A summary of the top-performing method of each team adopted for the challenge is shown in Table 3.
For each team, the best-performing solution proposed among the phase II attempts – in terms of target object accuracy averaged across subjects and sessions – was selected for analysis and the algorithms were then ranked up based on this average score. Furthermore, the metrics scored by algorithms ID-2:9 were compared with the winning algorithm (ID-1) using Wilcoxon signed-rank tests. To correct for multiple tests, a false discovery rate correction at 5% using the Benjamini-Hochberg procedure (Benjamini and Hochberg, 1995) was applied and the corrected p-values are reported.
In Tables 4, 5 the accuracies of the proposed approaches are shown, describing the decoding variability across subjects and recording sessions. In particular, Table 4 reports for each subject the average target object accuracy across sessions (i.e., performance at the level of single subjects), while Table 5 reports for each session the average target object accuracy across subjects (i.e., performance at the level of single session).

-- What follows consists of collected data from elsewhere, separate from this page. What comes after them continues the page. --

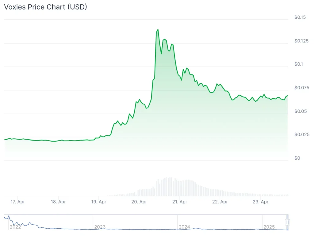 VOXEL đã trải qua một cú sốc lớn vào ngày 20 tháng 4, khi mã thông báo này lập tức tăng hơn 200% trong vòng chỉ 30 phút, từ mức thấp 0,04 đô la lên mức cao đỉnh điểm 13 đô la. Sự tăng giá mạnh mẽ này diễn ra khi VOXEL vừa trải qua một giai đoạn giảm giá nghiêm trọng, với mức thấp nhất mọi thời đại chỉ 0,02 đô la được ghi nhận vào ngày 17 tháng 4.
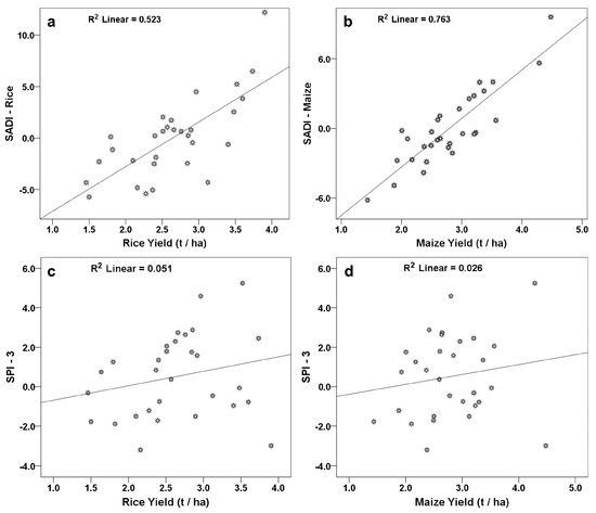 Linear regression for the Standardized Agricultural Drought Index (SADI), three-month Standardized Precipitation Index (SPI-3), and crop yield ((a): SADI-Rice and rainfed rice yield, (b): SADI-Maize and rainfed maize yield, (c): SPI-3 and rainfed rice yield, and (d): SPI-3 and rainfed maize yield).
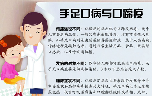 ????針對一些家長將手足口病與口蹄疫相混淆的問題,市疾控中心專門提醒,手足口病與口蹄疫是截然不同的兩種傳染病,傳染源、傳播途徑、發病人群、癥狀體征等都不相同,切不可混淆。

Table 4. Performance at the level of single subject as represented by the average target object accuracies of the best approach proposed by each team.
Table 5. Performance at the level of single session as represented by average target object accuracies across subjects of the best approach proposed by each team.
Averaging across sessions and across subjects, ID-1 significantly outperformed the other approaches, with less variability across subjects and sessions. Looking at the performance at the level of subjects, ID-1 provided the best performance metric for 14 out of 15 subjects (for subject #4, ID-2 provided a top-performance across the proposed solutions too), while ID-3 provided the best performance metric for 1 out of 15 subjects (subject #14).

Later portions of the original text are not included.